Если он не захлопнул заветной крышки откровенности до сих пор, то сделал это сейчас, подумал Бардин и, взглянув на Гопкинса, отметил его прищур, скрывший глаза: непонятно было, смеется он или хмурится.
— Наши потомки будут любопытнее нас, мистер Гопкинс, — Бардину казалось, что целеустремленность диалога, в какой-то мере жесткая, уже не даст результата.
— Потомки? — переспросил Гопкинс живо — он словно откликался на приглашение Бардина к абстрактному разговору. — Им будет легче: они будут ближе к истине, но от этого они не будут умнее нас.
— Но они сочтут нас косными: за проблемами общими мы не видели проблем человеческих, если эти проблемы были уникальны… — сказал Бардин и подумал: не просто сменить тему беседы, если даже ты и хочешь это сделать.

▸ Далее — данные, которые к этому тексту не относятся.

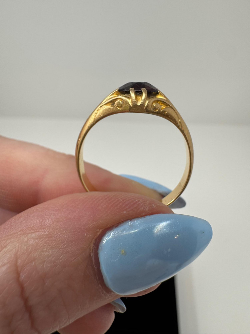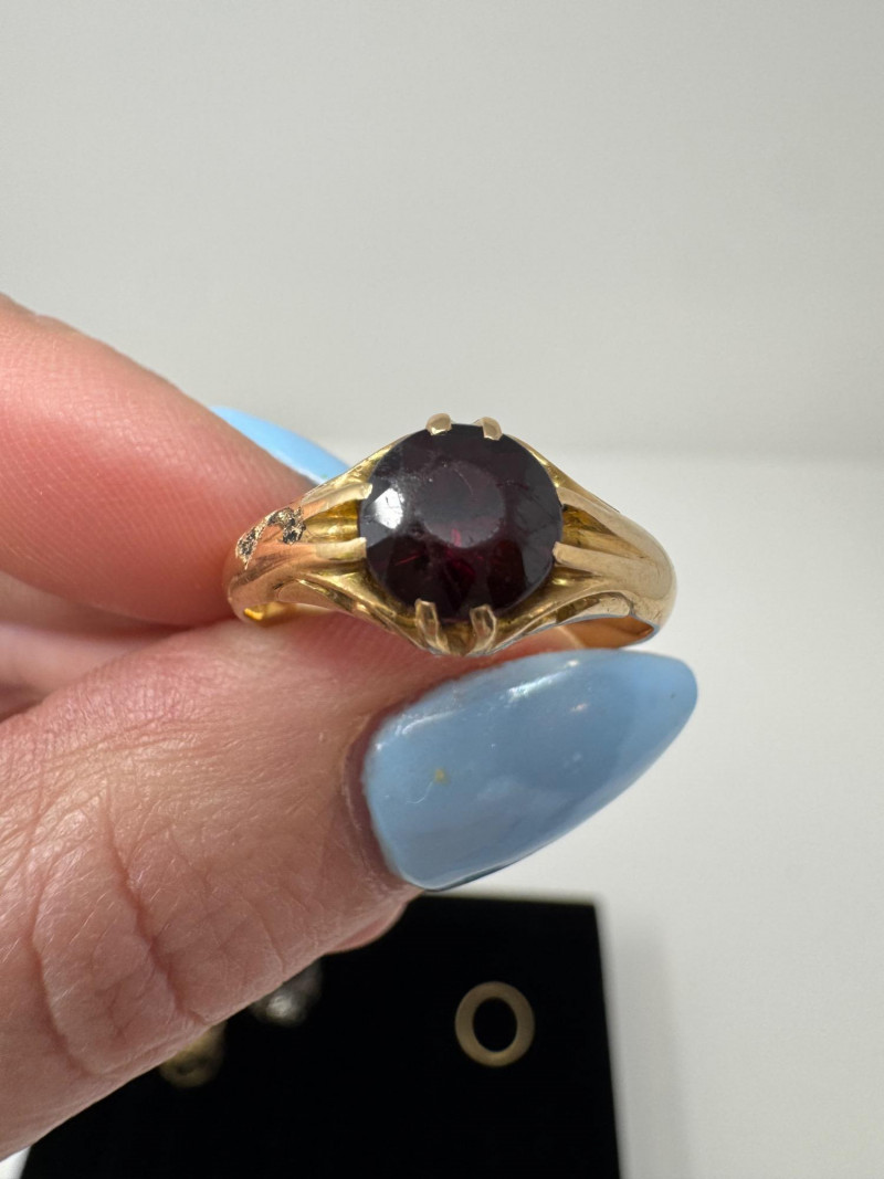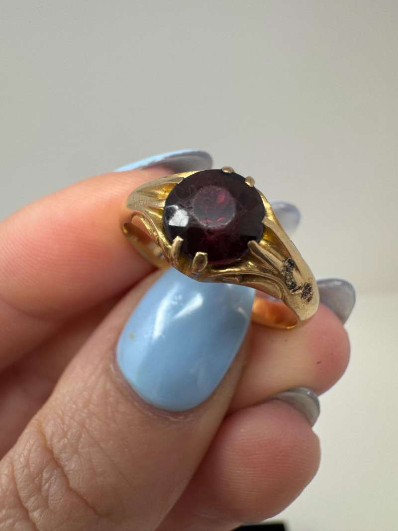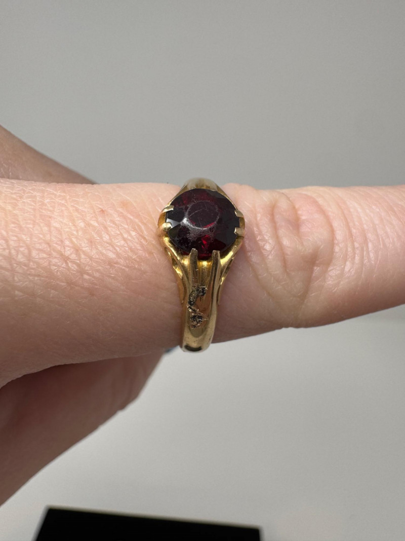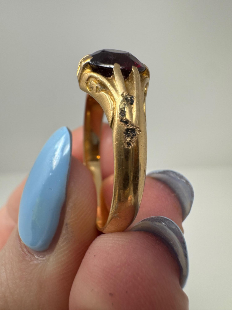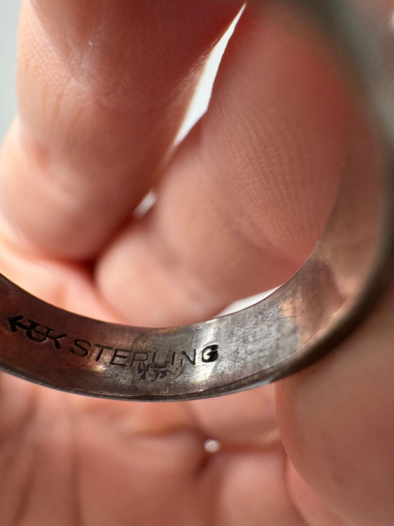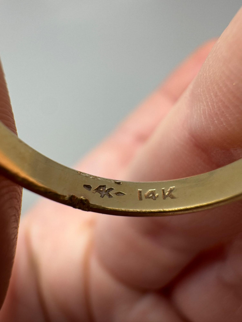 Mixed Ring Lot – 10K, 14K Gold, Sterling – 25.1g Total Weight. 10K Gold Gothic/Initial Ring – Approx. 5.25g, black enamel with gold "S" and eagle crest motif Sterling Silver U.S. Navy Ring – Bold insignia with anchor and “USN,” approx. 11.76g Mystery Gold-Tone Ring w/ Red Stone – No gold mark, deep garnet-colored stone, approx. 4.93g 14K Gold Wedding Band – Classic style, marked, approx. 3.15g Total Weight: 25.1 grams (mixed metals)

— Черчилль! — чуть ли не воскликнул Гопкинс и, сжав руки в кулак, медленно качнул их, качнул, точно трос с литой чушкой на конце, которой, как это однажды видел здесь Егор Иванович, рушат дома — трущобы. — Черчилль… — повторил Гопкинс, продолжая раскачивать руку — кулак был сжат добела, но в голосе уже не было ни силы, ни воинственности. — Главное — знать, что ты хочешь… — заключил Гопкинс, но Бардин вдруг подумал: «О Черчилле он говорит теперь? О Черчилле? А может, о себе…»
33
Когда они вернулись под сень старого вяза, солнце уже зашло, но отблеск его удерживался над землей — может быть, он шел от верхушек деревьев, еще освещенных солнцем. Казалось, большая крюшонница хозяина бездонна, хотя и емок был половник, которым хозяин разливал свое многоцветное зелье. Впрочем, размеры крюшонницы и не могли быть иными, если учитывать, что среди гостей, сидящих подле, был английский премьер. Непонятным было только одно: к чему так осложнена процедура угощения? В самом деле, зачем напиток трижды переливать из одного сосуда в другой, прежде чем он достигнет знатного гостя? Можно ведь прямо, тем более что емкости, так сказать, одни и те же, да и формы, если это имеет значение, схожи… Да, как у чудо-озера: приник сухим ртом к заветной влаге и ней… Но вот что любопытно: казалось, человек не хмелел. Нет, на самом деле он хмелел: глаза будто плавились и сигара, знаменитая сигара, достигнув уголка рта, как бы повисала, готовая вывалиться… Но так было не больше получаса, и первый признак отрезвления подавала та же сигара: неожиданно ожив, она возобновляла прерванное путешествие, путешествие, можно было подумать, вечное: из одного уголка рта в другой… В том, как сигара, придя в себя, принималась двигаться, было нечто интуитивное, похожее на поведение того самого черепашонка, который, выкарабкавшись из яичной скорлупы и выбравшись на поверхность сыпучей стихии, устремляется к морю… Одним словом, помимо воли человека соответствующий процесс отработала в нем сама природа, обратив в своеобразные циклы. Можно было подумать, что самочувствие Черчилля, больше того, его настроение прямо соответствовало этим циклам: совладав с хмелем, он ощущал прилив сил, а следовательно, и красноречия — многие из знаменитых монологов Черчилля, монологов-заклинаний, исповедей-молитв, были произнесены в такую минуту.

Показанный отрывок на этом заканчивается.